Venues are broken down into groups based on their style and wine needs, as shown below:
Any on premise venue can be put into this matrix based on their style (regular/causal through to special/fancy) and their drinks focus (beer/spirits through to wine). So a silver service restaurant would sit in category D, while a casual cafe might sit in A, an expensive nightclub in E and a family Chinese restaurant in B or C. Venues with both on and off premise areas would be included to ensure the on premise side of the business is looked after (many reps leave after only visiting the retail side).

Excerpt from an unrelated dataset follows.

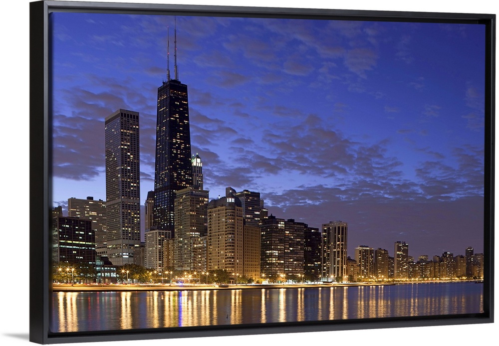<p>Large photo on canvas of the Chicago cityscape lit up at night reflecting into the nearby waterfront.</p>

Slotting venues into the matrix is job one and the easy bit, it is what happens next that can prove powerful to improving sales. A distributor or sales team can use this matrix to:
- target promotions. Wine X might be a cheap and cheerful white with a good buy deal for the next month – set each rep a budget of 5 A or B venues to sell wine X into.
- allocate customers to reps. The boisterous and brash big deal selling rep should be given A, B, H and G accounts, not C or D accounts, which should be looked after by the smooth talking and wine savvy on premise specialist.
- set allocations. There’s no point giving the rep with no D or E accounts a large budget of reserve or back vintage wines, while the rep with large A, B and C accounts could be given a higher proportion of banquet / house wines.
- set on premise sales budgets. This is the big one, the one that would take focused effort put into place yet has the best potential for growing sales. Imagine each on premise venue has its own budget, determined by the category it sits in. Then imagine that each venue has this budget whether they are active customers or not. Now imaging that this budget has nothing to do with boxes sold, rather wines ranged by bottle or glass. This is further discussed in the downloadable pdf.
This matrix is easily customised to a sales force’s needs, and the extent to which it is integrated is entirely dependent on the style of business and it’s current set up. In a market as tight as today’s wine market, any sales driven organisation that fails to put time and effort into customer analysis and categorisation is risking sales needlessly. This matrix is one of many ways to do this – does your organisation have a proper customer management process in place?